Лиза стояла за силу воли и разума, побеждающих обстоятельства.
- Не всегда,- говорила Тони.- Правда, мы сами часто виновники наших обстоятельств, но есть и такие, которые совершенно от нас не зависят. Случается, что разум и воля ведут тебя по пути, который ими начертан, а тут вдруг, Бог знает как, откуда, преградили тебе этот путь. И пойдешь ты по новой дороге, вправо или влево, и очутишься далеко от прежней, в краю, где ты и не думала быть. И пошла твоя жизнь совсем иначе, нежели ты предположила и начертала. Что ж это, как не воля Провидения, как не рука невидимая, которая привела тебя в этот край? Разум и воля тут ничего не поделают.
Сурмин подумал, как его, счастливого, со свободным сердцем кампаньяра, приехавшего в Москву по тяжебному делу, которое искусный адвокат двигал к счастливому концу и следственно не могло его сильно заботить, как судьба повела его на Кузнецкий мост для бездельной покупки барометра и вдруг столкнула со стариком Ранеевым и его дочерью. И кто ж знает, что из этого будет, куда поведет его эта ничтожная покупка! Сведя все это в уме своем, он не мог отчасти не подчиниться убеждениям Тони. Не надо забывать, что разговор о фатализме происходил до получения Лизой рокового письма от Владислава Стабровского и до встречи ее с разными тяжкими обстоятельствами, с которыми должна была бороться. И боролась она энергически со своим сердцем, с судьбой своей: то изнемогала под ударами ее, то брала над нею верх.

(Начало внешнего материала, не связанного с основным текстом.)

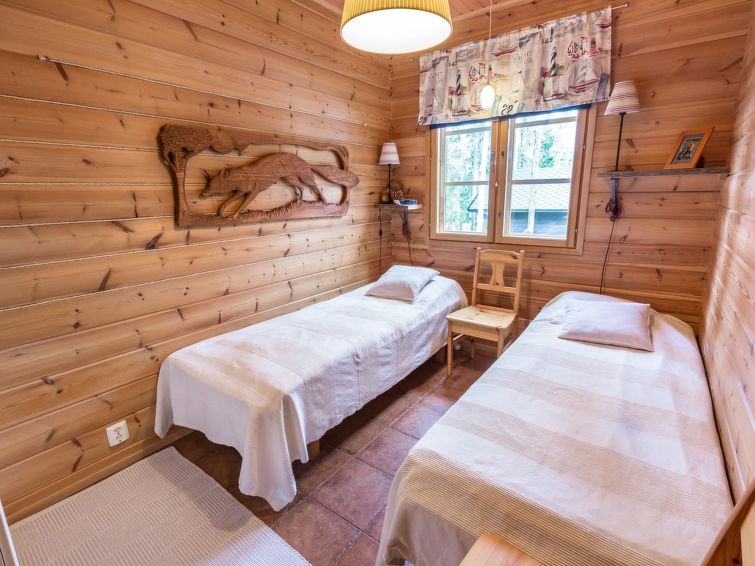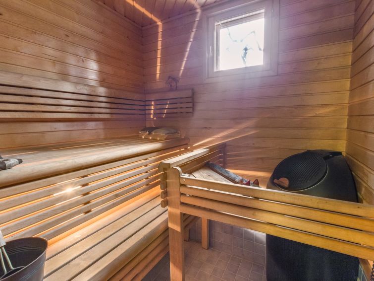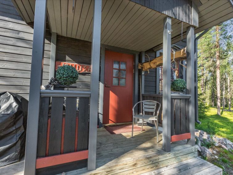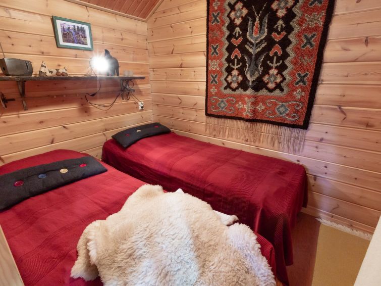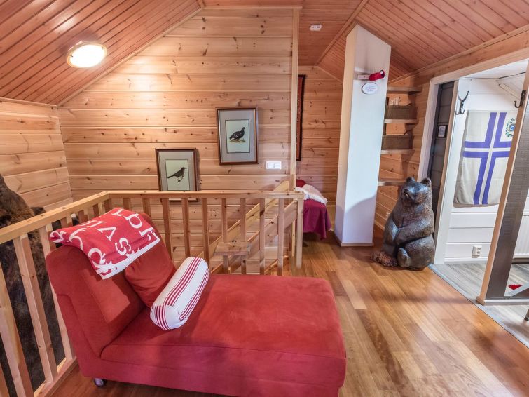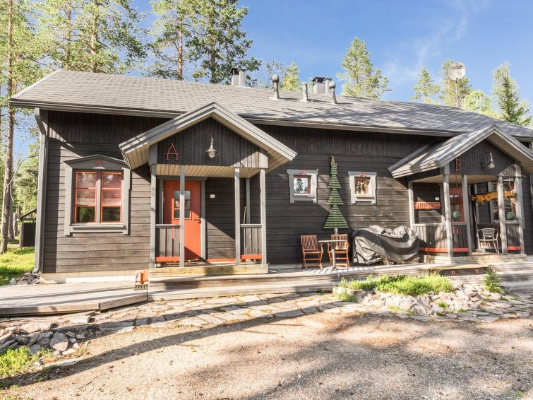 A log duplex apartment located 165 km north of Rovaniemi in Ylläsjärvi village. Built 2003. Livingroom/kitchen, downstairs bedroom with two beds, upstairs with 2 beds and additionally a sleeping alcove with two beds, electric sauna with "instant stove", washing room, toilet.Other apartment of this house is number 830615. Stock with ski waxing rack. Shared with Alppitalo A (830615) apartment.
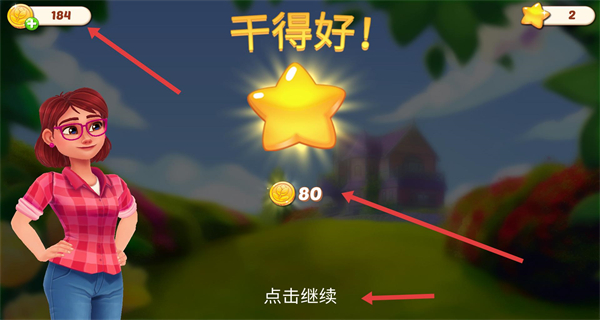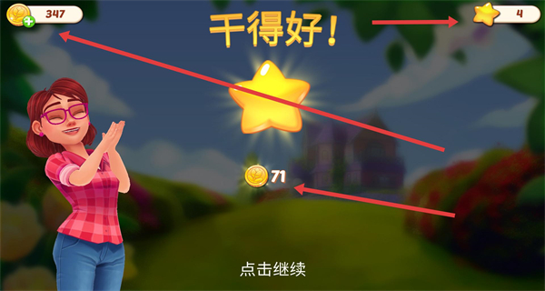 1、玩家關(guān)卡成功后出現(xiàn)干得好界面,能夠根據(jù)獎勵獲取金幣和星星獎勵,點擊點擊繼續(xù)進入下一關(guān)。

Но выйдет ли она из этой борьбы победительницей или судьба ее одолеет, ее или Тони оправдает жизнь,- мы увидим впоследствии.
Новое знакомство с Тони повеяло, однако ж, на сердце Сурмина освежающим, отрадным чувством.

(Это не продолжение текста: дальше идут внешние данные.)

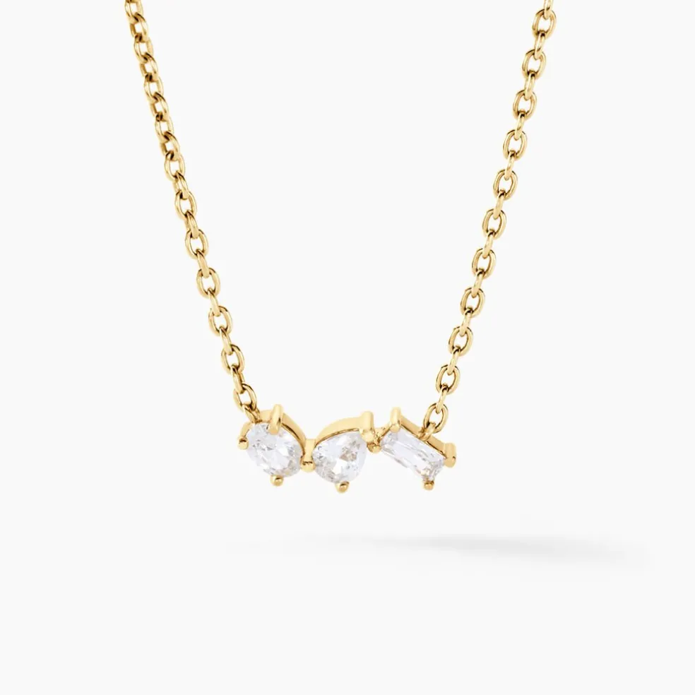 Collier Or Jaune 375/1000 Multipierres Oxyde Zirconium Ovale Poire Et Emeraude Serti 4 Griffes Maille 40+2cm
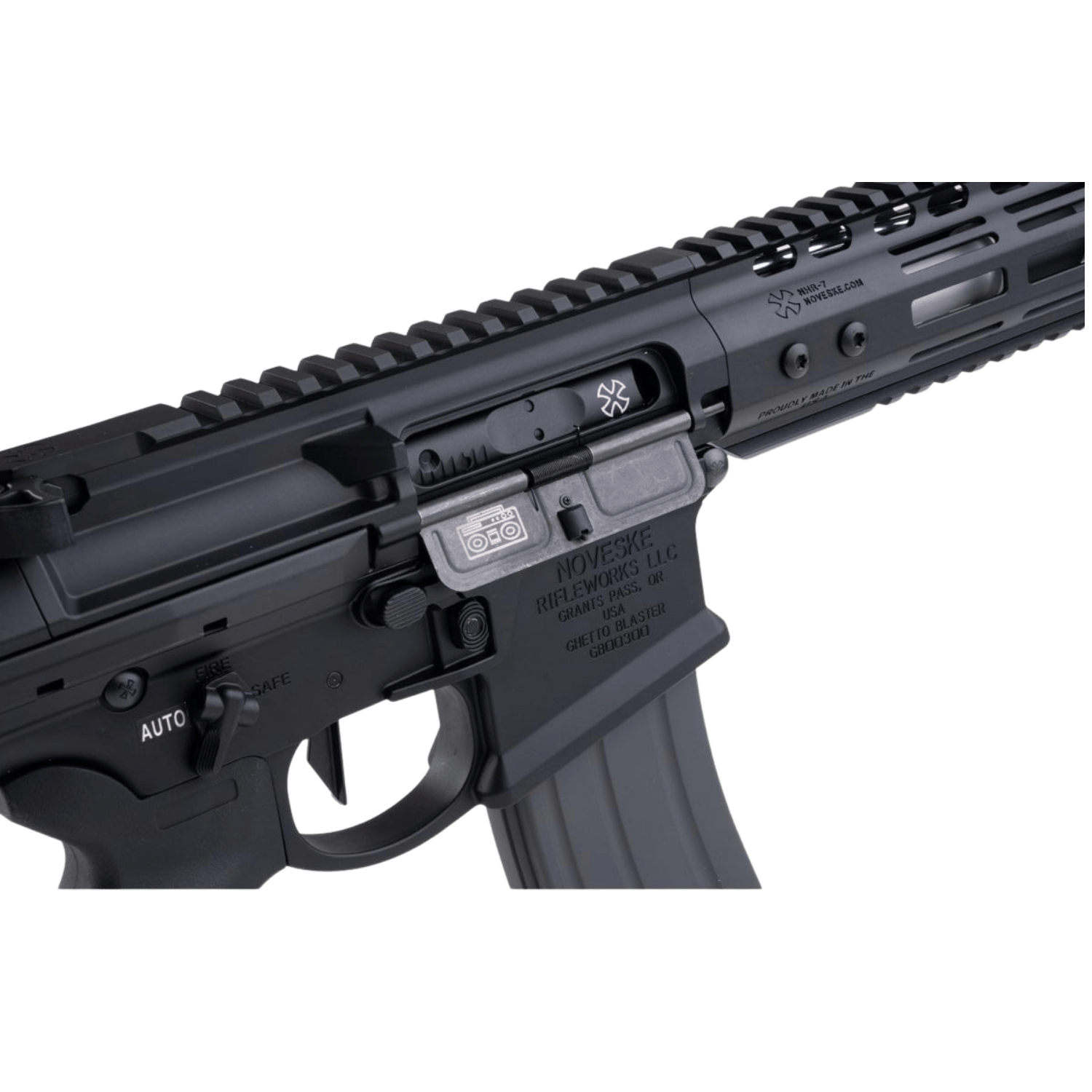 Sınırlı üretim Ghetto Blaster platformundan ilham alan bu versiyon; derin işlenmiş Noveske işaretlemeleri, özel rollmark detayları ve Armour Black dış kaplamasıyla dikkat çeken güçlü bir görünüme sahiptir.

Как-то по выходе его от Танеевых, обе подруги, оставшись одни в Лизиной комнате, долго еще говорили о нем.
- Какой он душка,- сказала Тони.- Вот бы завидная парочка была ты с ним.
- Нет,- отвечала Лиза,- я не могла бы сделать его счастье.
- Почему ж так?
- Мой характер слишком восторженный,- как бы тебе еще сказать,- слишком порывистый, мечтательный, а это для полной гармонии в жизни мужа и жены, для счастья их не годится. Вот ты бы дело другое, вы как будто созданы один для другого.
- Пожалуй бы созданы - как две половинки одной груши!.. Близки друг к другу, да не сходимся. Кабы можно было об этом справиться в книге судеб. Шутки в сторону, поставь меня с тобою рядом перед ним, как мы теперь стоим, да сравни он твою олимпийскую красоту...
- Уж олимпийскую!
- Пожалуйста, не очень скромничай. Да как он сравнит ее с моим личиком chiffonnЙ, так меня сейчас из ряду корифеек в задние ряды кордебалета.
- В тебе есть что-то, чего во мне недостает - живость, игра безмятежной, чистой души, нега в глазах. На тебя любоваться можно, как на прекрасный цветок, только что распустившийся, еще не тронутый июльским зноем, не помятый бурею.
Тони взглянула в зеркало, смешно взбила свои кудри, томно повела глазами и захохотала своим звонким, детским хохотом.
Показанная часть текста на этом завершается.